Assignment: Transcribe exactly, and only, the lines from the one containing "该版本提升转生等级可提升人物血量及怪物掉落倍数;" through the end of the entries below, leaving the pictures out.

Information given:

[Start of Attachment]

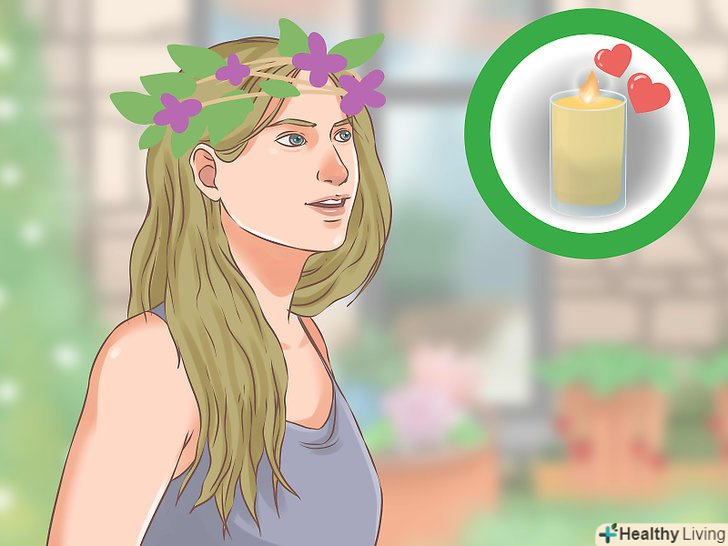 Не забувайте про значущість конкретних речей, таких як вогонь і квіти. вогонь уособлює любов і пристрасть, так що запаліть свічки. У квітах же міститься пилок для запліднення рослин, так що багатьом вікканам подобається вплітати в волосся квіти, носити вінки з квіти, використовувати їх в рецептах або в якості прикрас.
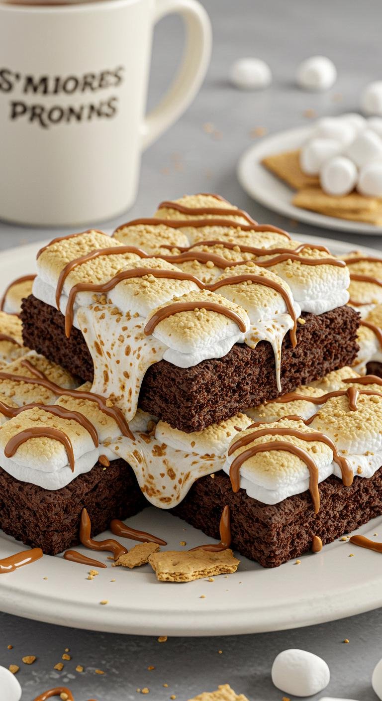 - Pour half the batter into the pan, sprinkle graham cracker crumbs and marshmallows, and top with remaining batter. Bake for 30 minutes.
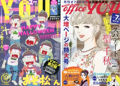 Mangás de destaque: Osomatsu-san, Gokusen, Real Clothes, Koudai-ke no Hitobito, Dame na Watashi ni Koishite Kudasai, Synchro Onchi
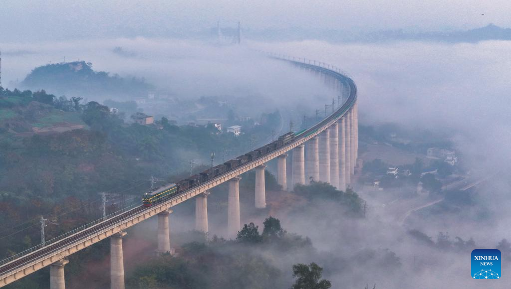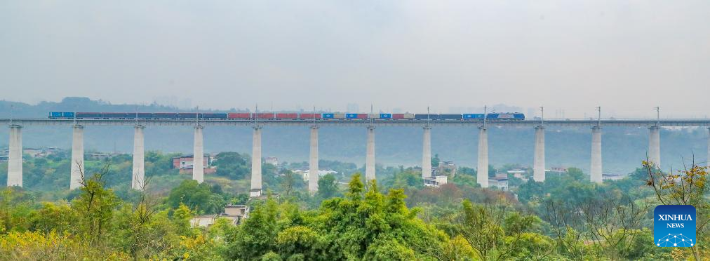 An aerial drone photo taken on Dec. 8, 2025 shows a test train running on the Longchang-Luxian-Xuyong railway in Luzhou, southwest China's Sichuan Province. The Longchang-Luxian-Xuyong railway began operation on Thursday as part of China's New International Land-Sea Trade Corridor rail service, which is a crucial logistics link between China's western inland regions and global markets. (Photo by Liu Xueyi/Xinhua)
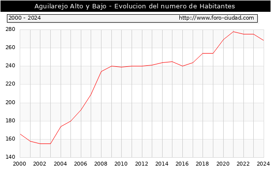 el numero de habitantes en Aguilarejo Alto y Bajo era de 268, 7 habitantes menos que el en el año 2023. En el grafico siguiente se puede ver cuantos habitantes tiene Aguilarejo Alto y Bajo a lo largo de los años.
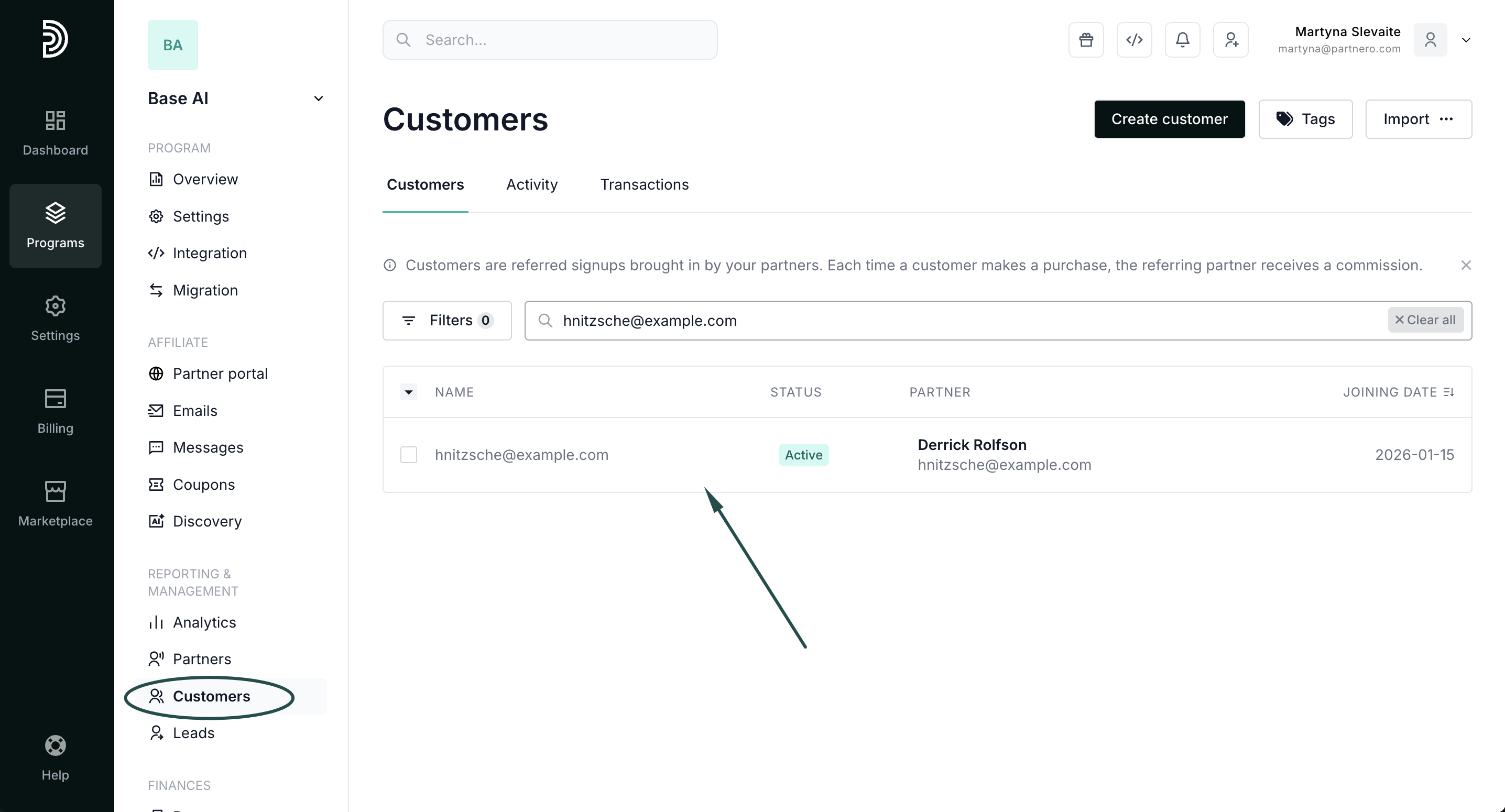 - Go to Customers and find the customer using their name or email:
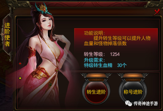 该版本提升转生等级可提升人物血量及怪物掉落倍数;
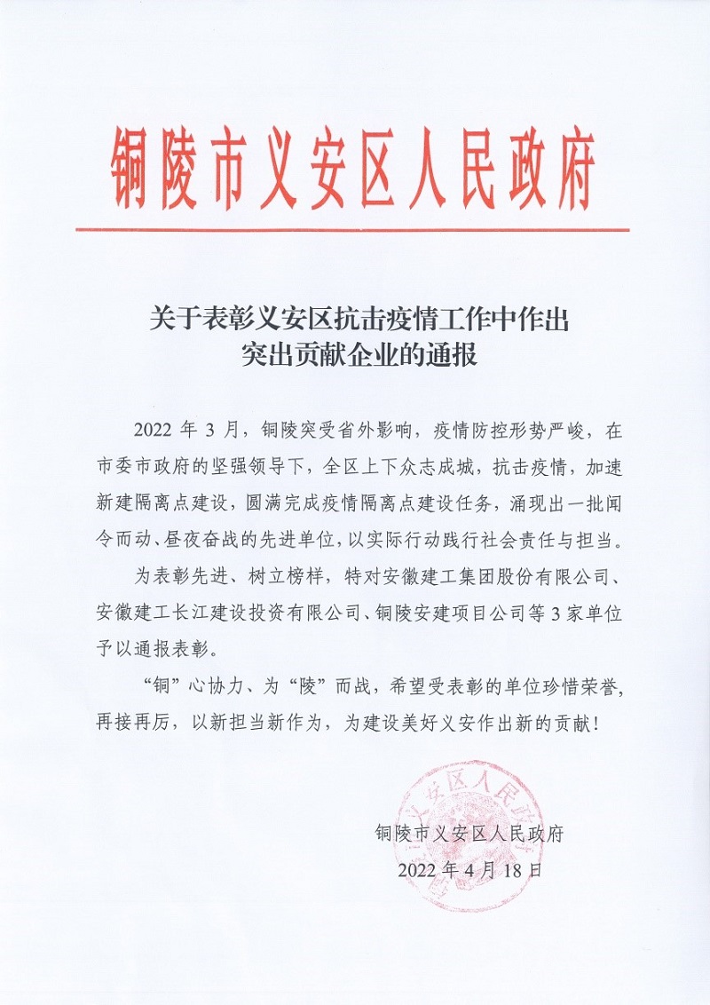 4月18日,銅陵市義安區(qū)人民政府對(duì)安建投資銅陵項(xiàng)目公司在抗擊疫情工作中作出的突出貢獻(xiàn)予以通報(bào)表彰,高度贊揚(yáng)安徽建工的建設(shè)實(shí)力、責(zé)任擔(dān)當(dāng)和文化精神。

[End of Attachment]

Answer area:
 该版本提升转生等级可提升人物血量及怪物掉落倍数;
 4月18日,銅陵市義安區(qū)人民政府對(duì)安建投資銅陵項(xiàng)目公司在抗擊疫情工作中作出的突出貢獻(xiàn)予以通報(bào)表彰,高度贊揚(yáng)安徽建工的建設(shè)實(shí)力、責(zé)任擔(dān)當(dāng)和文化精神。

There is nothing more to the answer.